The links that don’t bind. 
the Grand Canyons in our mind, that 
swallow traumas whole; deep inside.

     I arrive in school, except that I am not in school, I'm behind Marcelo’s house being led to a table where you sit, Karla, with Christiane and some out of focus people. We look at each other. You are playing a word game where you have to name different things with a particular letter, I listen to you… 
Cor: preto. Animal: pato. 

The links that bind
to erroneous sights
to places where we are
empty inside, but refuse to die.

     Albert is right, “There is only one really serious philosophical problem, and that is suicide. Deciding whether or not life is worth living is to answer the fundamental question in philosophy. All other questions follow from that…”


     I sit in our classroom, Tia Zelia is here as always, but this time I can’t stay. I can’t have you see me. There is something horrifying coming and you must pay attention in class. “I’ll be back.”





                                                    






    -----------------End of PART THREE ---------------









|Part 2| A Love Letter to the 9 Year Old Girl I Love: Afonso Arinos


Reality is indeed stranger than fiction, the 9 year old girl I love grew up to save the world.

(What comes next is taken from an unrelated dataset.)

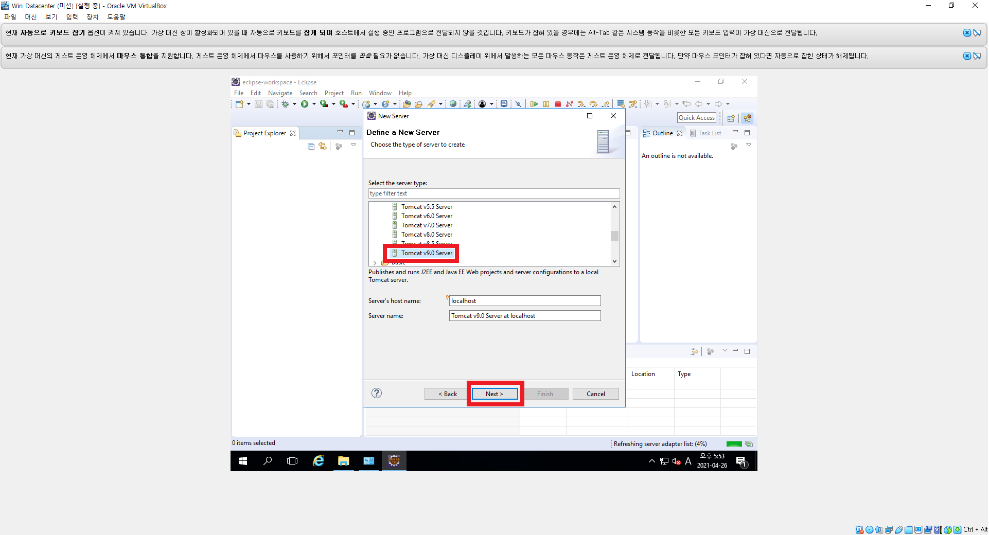 7. Tomcat v9.0 Server 선택 후 Next 버튼 클릭

| I’m easy to spot; I am the writer-director who didn't care about the frame, the camera, or anything else when she was around. Karla is the one glowing. |




(A Tribute to All Medical Personnel and Staff)


PART TWO


     I couldn’t help myself from loving you, I looked up one day and there you were. I can’t quite explain the beginning of love, it’s unlike anything else; it is not a creation, it’s a force that already exists somewhere, unencumbered by any other forces, except for the very existence of the person you love; and how it enhances all your senses: the river, the birds, the music your mother played for the entire city through the catholic church speakers, the April floods, the jabuticabeiras, the quick rain that broke through the clouds on a bright sunny day, and made me look up to your house wondering if you were outside playing in it.

     The narrative of your life would be precise, direct, starting and arriving to the right place and time where you would meet Fernando. I wonder if he knew the moment he met you that his life would never be the same. I only knew that I loved you with all my heart until I left Afonso Arinos when I was 11 years old and never looked back. I kept one scene of our narrative and watched it over and over throughout the years. You, Karla, my mother, my grandfather are saved in my heart in one powerful scene.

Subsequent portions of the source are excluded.